Records excerpted from a collection:
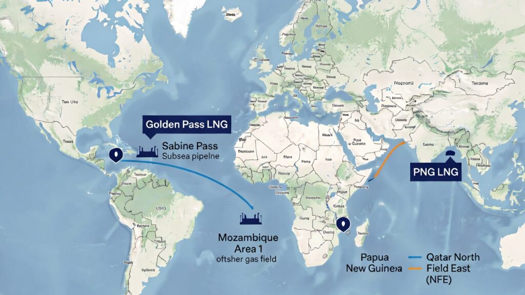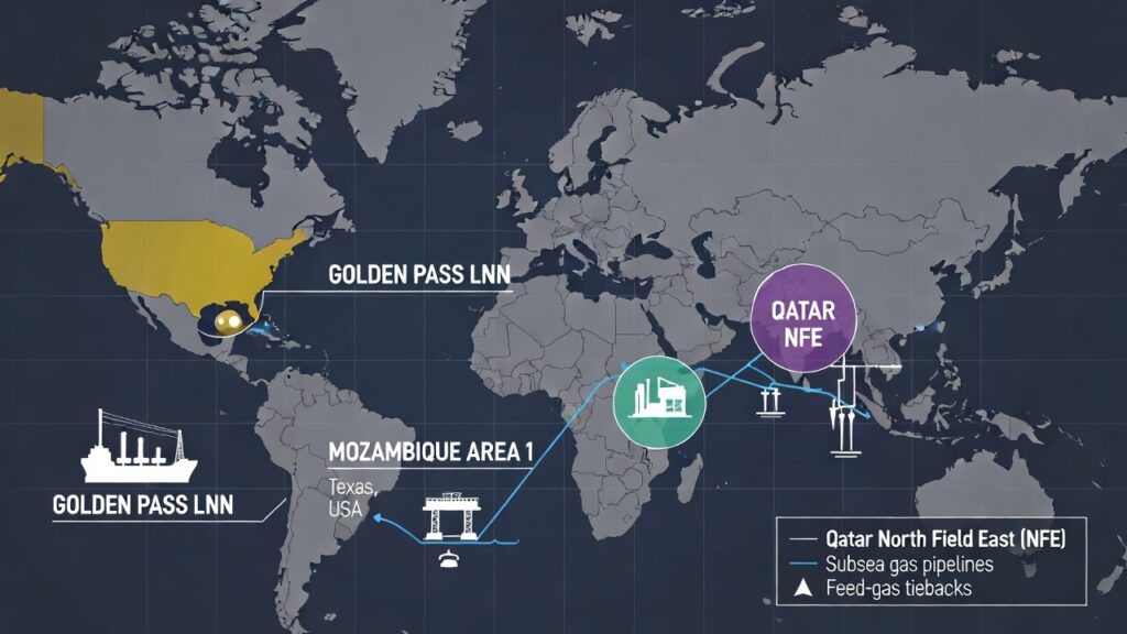 ( image: World map highlighting Golden Pass, PNG LNG, Mozambique Area 1, Qatar NFE, with subsea pipeline icons for feed-gas tiebacks.)
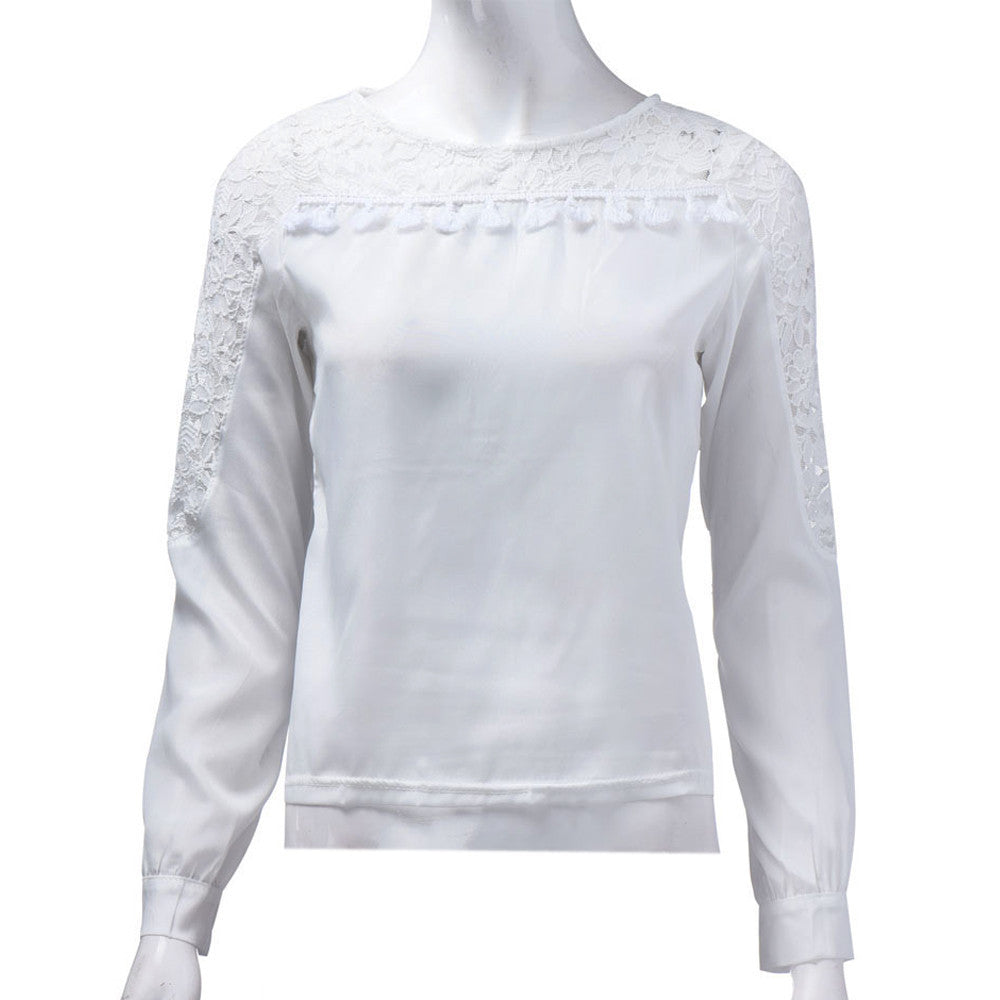 Style Women Long Sleeve Chiffon Blouse Lace White Women Blouses Tops Loose Casual Tops Shirt blusa IMY66
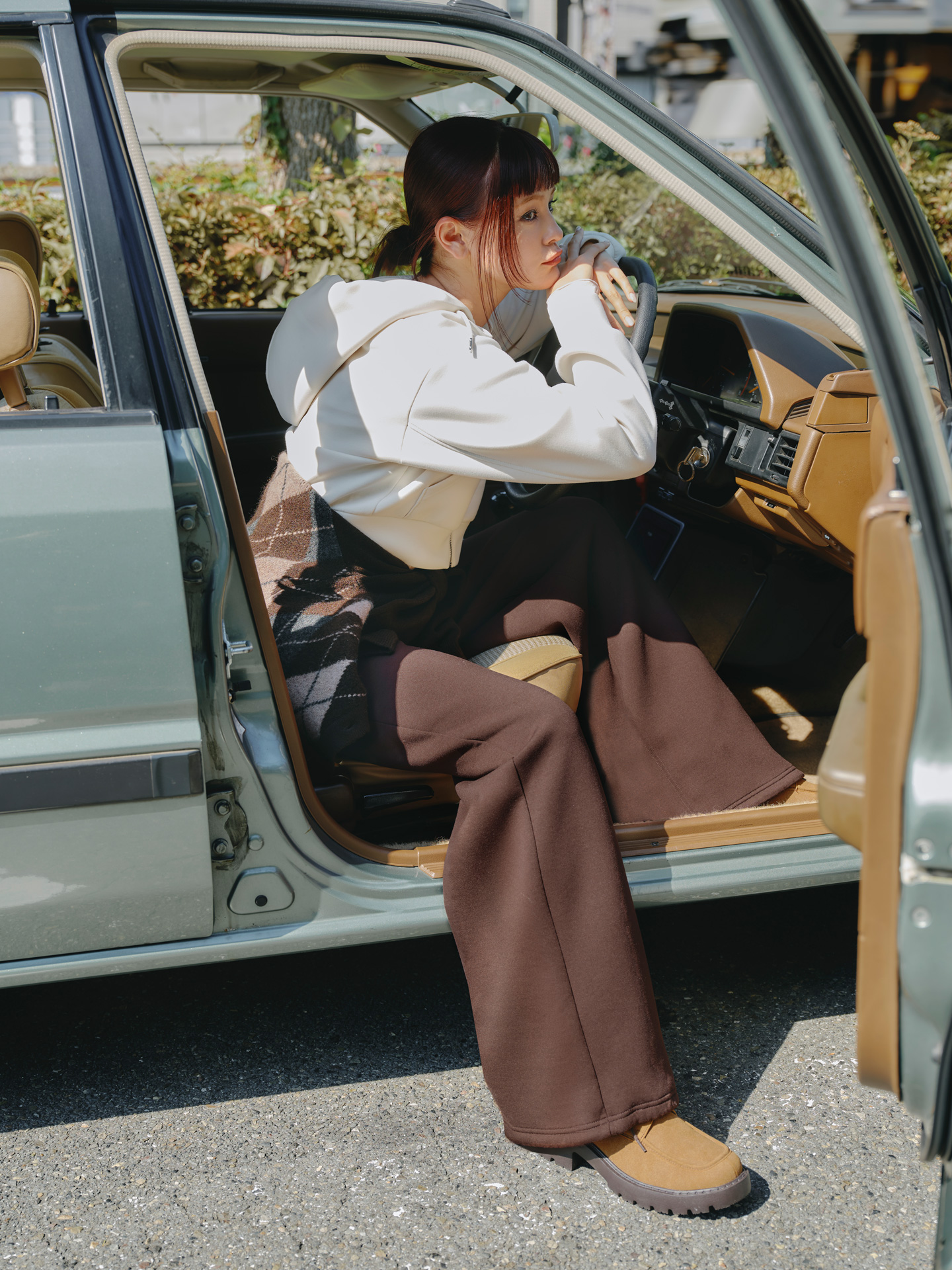 ひとりきりで過ごすドライブの時間。車内という密やかで自由な空間では、自然体のままで心地よくいられる装いがちょうどいい。軽やかで柔らかな「パフスウェット」は、そんなひとときにそっと寄り添ってくれる。日常のなかの“自分だけの特別な瞬間”こそ、計算ではなく感覚で装いたい。
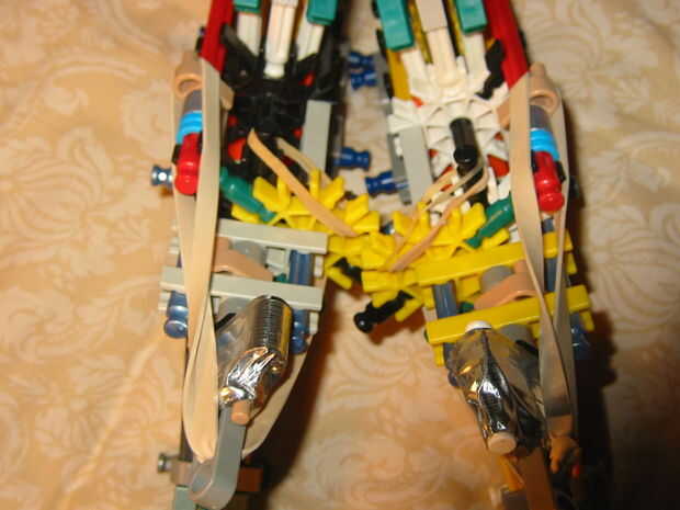 Los pernos de la leña debe ser alimentados por bandas de goma. El ancla puntos para las bandas de goma son son (enfrente del lado de gatillo) el soporte estructural (lado disparador) la barra azul de la manija. Tomar dos gomas, atan para arriba y su nudo de combinación de la materia en conector gris oscuro del percutor.
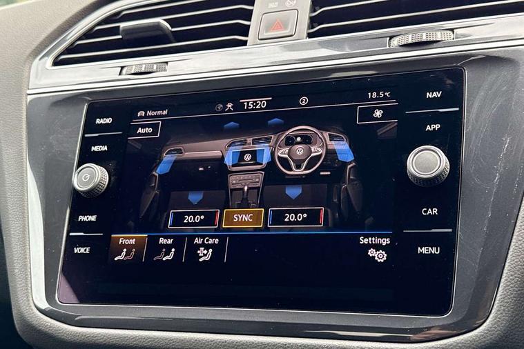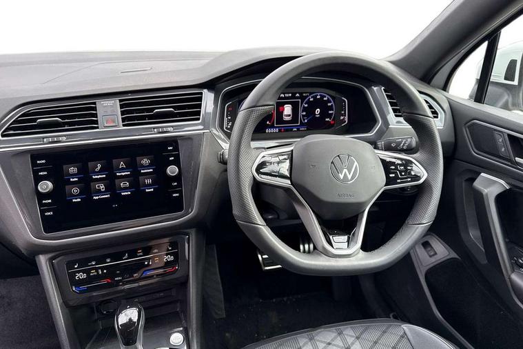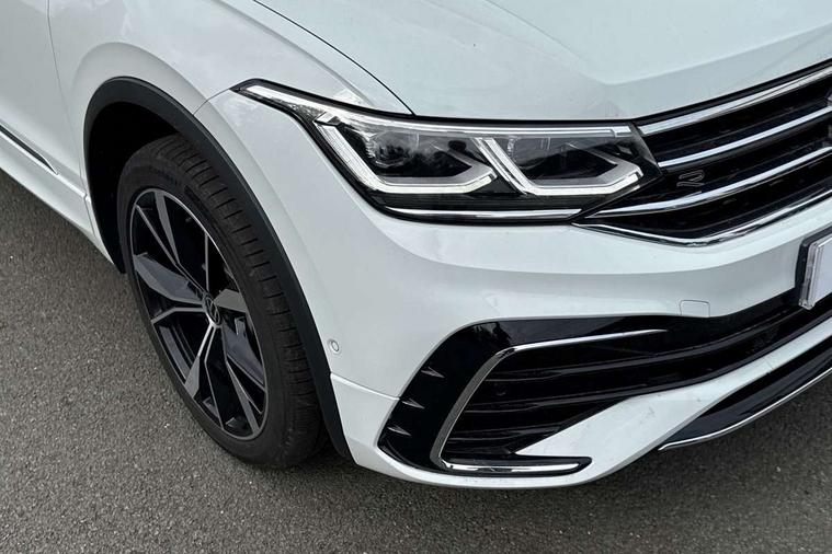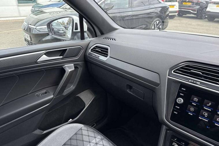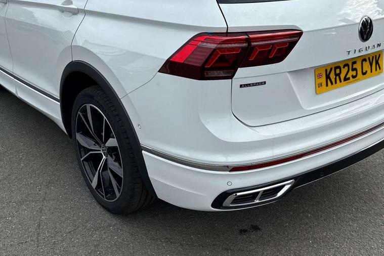 Adaptive cruise control, Advanced driver attention and drowsiness monitor, App-Connect, Digital cockpit pro, Driver profile selection, eCall emergency call service, Electric boot lid, Lane change assist, Lane keeping system Lane Assist, Mobile phone interface comfort with inductive charging feature, Multifunction front facing camera, Progressive steering, Speedo and rev counter, electronic odometer, trip, service interval display and exterior temperature gauge, Diesel particulate filter, Front wheel drive, Start-stop system with battery regeneration (recuperation - energy recovery during braking), 2 USB-C ports in the front, 1 USB-C charging socket on the center console in the rear, DAB Digital radio, Diversity antenna for FM reception, Auto dimming interior rear view mirror, Automatic headlight control system, Chrome mouldings on side window, Coming/leaving home lighting function, Exterior badge deletion, Rain sensor, Rear fog light, Rear side wing doors, Rear spoiler in R style, Rear wiper, Silver roof rails, Third brake light, 12-volt outlet in centre console rear and luggage compartment, 12V socket in centre console, 3 head restraints in rear, 3 individual folding 2nd row seats, 3rd row 2 individual seats, Air Care Climatronic 3 zone automatic climate control with enhanced air filter and controls in the rear, Black roof lining, Door and side trim panel with leatherette insert, Drawers under front seats, Driver + front passenger lumbar support, Driver and front passenger seat height adjustment, Foldable front passenger seat backrest, Front + rear carpet mats, Front centre armrest, Front footwell illumination, Illuminated scuff plates, ISOFIX anchorage points for mounting 2 child seats on rear seats and i-Size child seats, Leather gearshift handle, Leather wrapped multi function sports steering wheel with touch control and shifting paddles, LED interior light with switch off delay/dimmer and 2 front/rear LED reading lights, Stainless steel pedals, Sun visors with illuminated vanity mirrors, Top comfort sports seats in front with 'R' Logo, Ambience pack - Tiguan Allspace R Line, Driver assistance plus package - Tiguan Allspace, Park assist pack - Tiguan Allspace, 3 point seat belt for centre rear seat, 3 rear three point seatbelts, ABS+EBD+Brake assist, Driver and front passenger safety-optimised head restraints, Driver's and front passenger's airbag with front passenger's airbag deactivation switch, Electronic parking brake, Electronic Stability Control (ESC) inc EDL (Electronic Differential Lock) and ASR (Traction Control), Height adjustable front 3 point seatbelts + pretensioners, Manual rear child locks, Pedestrian monitoring, Rear disc brakes, Side airbag in front and rear with curtain airbag, Two tone horn, Warning buzzer for seatbelts if unfastened, Anti theft alarm system with interior monitoring, backup horn and towing protection, Anti-theft wheel bolts, Remote central locking with 2 remote folding keys,
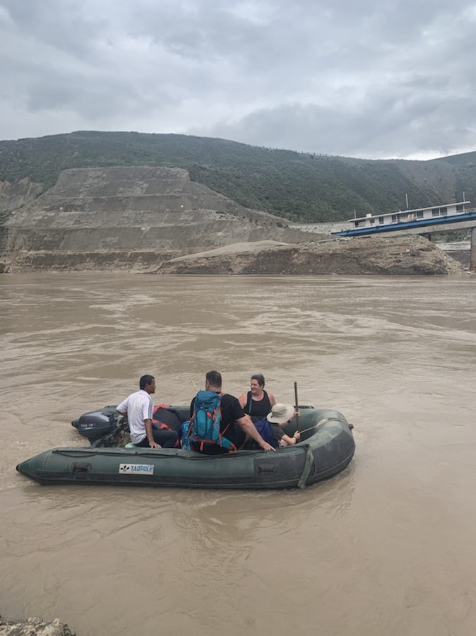 Our bus pick up point was across the river, so from our lunch at Tina guest house we endured an incredibly bumpy drive (Making me wish I had worn my sports bra) down to the river edge. here the currents were so strong that our intended ferry couldn’t pass. Instead we took it on turns to ride a ducky over the fast flowing river… on full power it was only able to inch up stream.
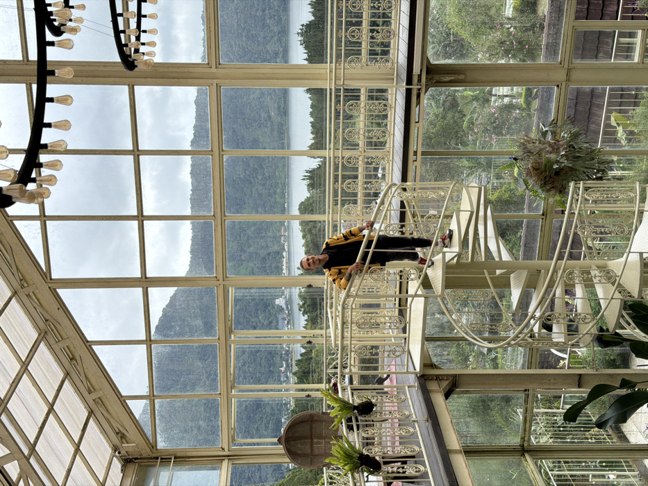 A rotated, high-angle shot inside a sunlit structure with a man on a spiral staircase. He wears a yellow and black jacket, black pants, and colorful shoes. The structure has large glass windows with a landscape view featuring a lake, mountains, and lush greenery. A chandelier is visible at the top left. Plants are situated on the lower floors of the staircase.
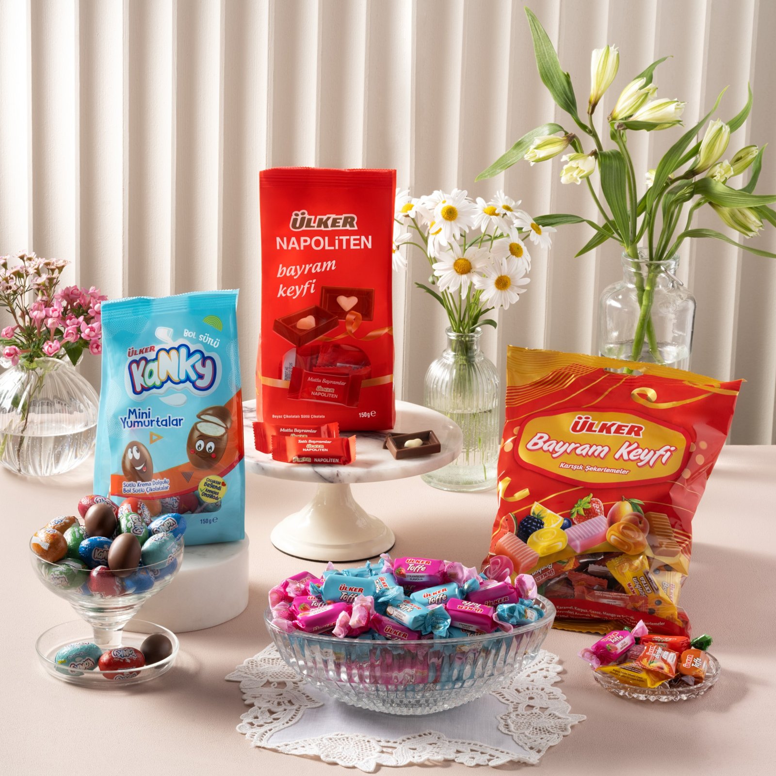 “Ülker’in bayram denildiğinde akla ilk gelen ürünlerinden bütün fındık ve fındık kremalı “Ece”, bütün Antep fıstığının sütlü çikolatayla buluştuğu Çıtır Kadayıflı Ece ve bitter kremalı, bütün fındıklı, beyaz çikolatalı Ece Trio toplam üç farklı çeşidiyle bayram buluşmalarına tat katacak. Sevilen napoliten lezzeti Ülker Napoliten Bayram Keyfi, bayrama özel mesajlarıyla şekerliklerde yerini alacak. Ülker Kanky Mini Yumurtalar ise bayramda çocukları mutlu edecek.
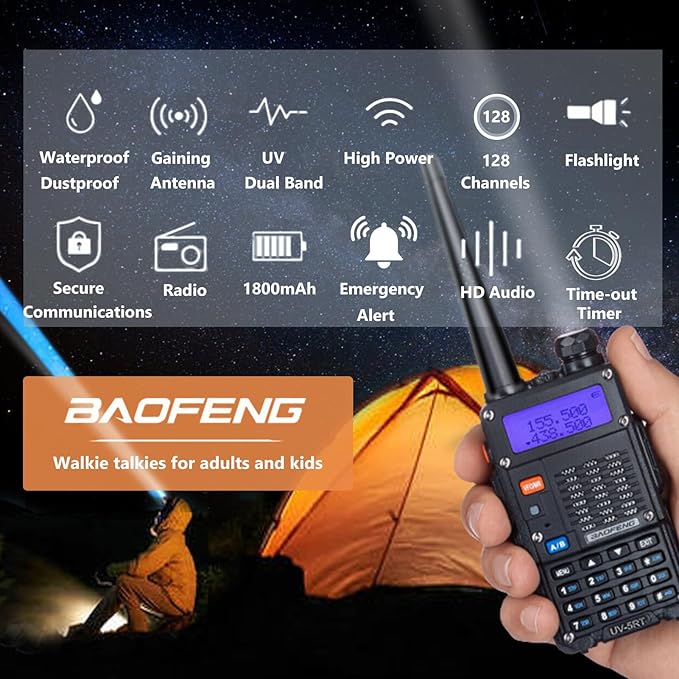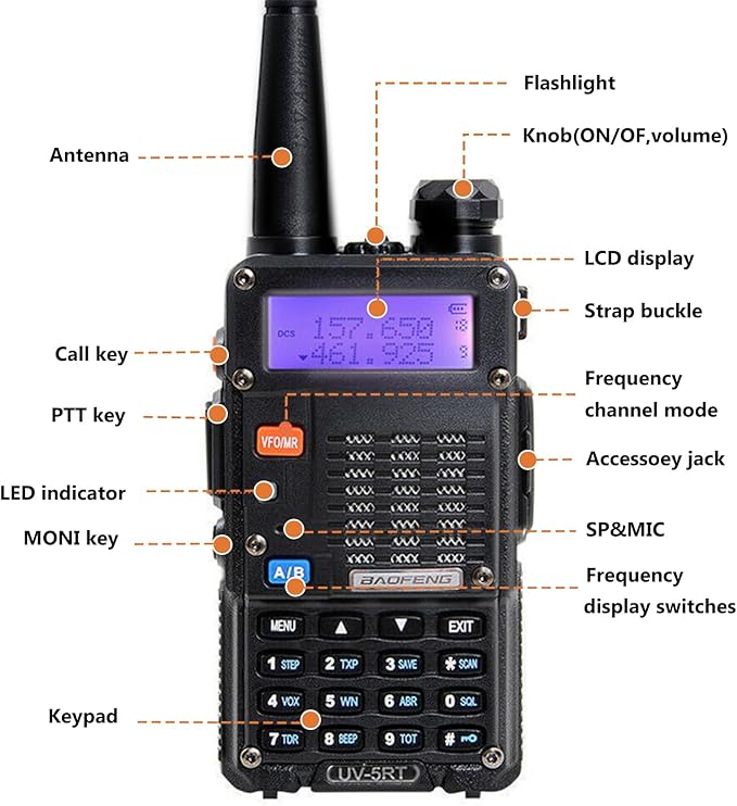 - 【5Watts High Power Radio】High/ Mid/Low Power,Dual band / Dual display / Dual standby,128 groups of storage channels;50 CTCSS and 104 CDCSS,AUTO Keypad Lock,LED Flashlight;This model has been FCC certified, FCC ID: 2AJGM-UV5RT.

Problem to work on: Give the data above again, exactly, with every picture removed.

Problem solution:
 ( image: World map highlighting Golden Pass, PNG LNG, Mozambique Area 1, Qatar NFE, with subsea pipeline icons for feed-gas tiebacks.)
 Style Women Long Sleeve Chiffon Blouse Lace White Women Blouses Tops Loose Casual Tops Shirt blusa IMY66
 ひとりきりで過ごすドライブの時間。車内という密やかで自由な空間では、自然体のままで心地よくいられる装いがちょうどいい。軽やかで柔らかな「パフスウェット」は、そんなひとときにそっと寄り添ってくれる。日常のなかの“自分だけの特別な瞬間”こそ、計算ではなく感覚で装いたい。
 Los pernos de la leña debe ser alimentados por bandas de goma. El ancla puntos para las bandas de goma son son (enfrente del lado de gatillo) el soporte estructural (lado disparador) la barra azul de la manija. Tomar dos gomas, atan para arriba y su nudo de combinación de la materia en conector gris oscuro del percutor.
 Adaptive cruise control, Advanced driver attention and drowsiness monitor, App-Connect, Digital cockpit pro, Driver profile selection, eCall emergency call service, Electric boot lid, Lane change assist, Lane keeping system Lane Assist, Mobile phone interface comfort with inductive charging feature, Multifunction front facing camera, Progressive steering, Speedo and rev counter, electronic odometer, trip, service interval display and exterior temperature gauge, Diesel particulate filter, Front wheel drive, Start-stop system with battery regeneration (recuperation - energy recovery during braking), 2 USB-C ports in the front, 1 USB-C charging socket on the center console in the rear, DAB Digital radio, Diversity antenna for FM reception, Auto dimming interior rear view mirror, Automatic headlight control system, Chrome mouldings on side window, Coming/leaving home lighting function, Exterior badge deletion, Rain sensor, Rear fog light, Rear side wing doors, Rear spoiler in R style, Rear wiper, Silver roof rails, Third brake light, 12-volt outlet in centre console rear and luggage compartment, 12V socket in centre console, 3 head restraints in rear, 3 individual folding 2nd row seats, 3rd row 2 individual seats, Air Care Climatronic 3 zone automatic climate control with enhanced air filter and controls in the rear, Black roof lining, Door and side trim panel with leatherette insert, Drawers under front seats, Driver + front passenger lumbar support, Driver and front passenger seat height adjustment, Foldable front passenger seat backrest, Front + rear carpet mats, Front centre armrest, Front footwell illumination, Illuminated scuff plates, ISOFIX anchorage points for mounting 2 child seats on rear seats and i-Size child seats, Leather gearshift handle, Leather wrapped multi function sports steering wheel with touch control and shifting paddles, LED interior light with switch off delay/dimmer and 2 front/rear LED reading lights, Stainless steel pedals, Sun visors with illuminated vanity mirrors, Top comfort sports seats in front with 'R' Logo, Ambience pack - Tiguan Allspace R Line, Driver assistance plus package - Tiguan Allspace, Park assist pack - Tiguan Allspace, 3 point seat belt for centre rear seat, 3 rear three point seatbelts, ABS+EBD+Brake assist, Driver and front passenger safety-optimised head restraints, Driver's and front passenger's airbag with front passenger's airbag deactivation switch, Electronic parking brake, Electronic Stability Control (ESC) inc EDL (Electronic Differential Lock) and ASR (Traction Control), Height adjustable front 3 point seatbelts + pretensioners, Manual rear child locks, Pedestrian monitoring, Rear disc brakes, Side airbag in front and rear with curtain airbag, Two tone horn, Warning buzzer for seatbelts if unfastened, Anti theft alarm system with interior monitoring, backup horn and towing protection, Anti-theft wheel bolts, Remote central locking with 2 remote folding keys,
 Our bus pick up point was across the river, so from our lunch at Tina guest house we endured an incredibly bumpy drive (Making me wish I had worn my sports bra) down to the river edge. here the currents were so strong that our intended ferry couldn’t pass. Instead we took it on turns to ride a ducky over the fast flowing river… on full power it was only able to inch up stream.
 A rotated, high-angle shot inside a sunlit structure with a man on a spiral staircase. He wears a yellow and black jacket, black pants, and colorful shoes. The structure has large glass windows with a landscape view featuring a lake, mountains, and lush greenery. A chandelier is visible at the top left. Plants are situated on the lower floors of the staircase.
 “Ülker’in bayram denildiğinde akla ilk gelen ürünlerinden bütün fındık ve fındık kremalı “Ece”, bütün Antep fıstığının sütlü çikolatayla buluştuğu Çıtır Kadayıflı Ece ve bitter kremalı, bütün fındıklı, beyaz çikolatalı Ece Trio toplam üç farklı çeşidiyle bayram buluşmalarına tat katacak. Sevilen napoliten lezzeti Ülker Napoliten Bayram Keyfi, bayrama özel mesajlarıyla şekerliklerde yerini alacak. Ülker Kanky Mini Yumurtalar ise bayramda çocukları mutlu edecek.
 - 【5Watts High Power Radio】High/ Mid/Low Power,Dual band / Dual display / Dual standby,128 groups of storage channels;50 CTCSS and 104 CDCSS,AUTO Keypad Lock,LED Flashlight;This model has been FCC certified, FCC ID: 2AJGM-UV5RT.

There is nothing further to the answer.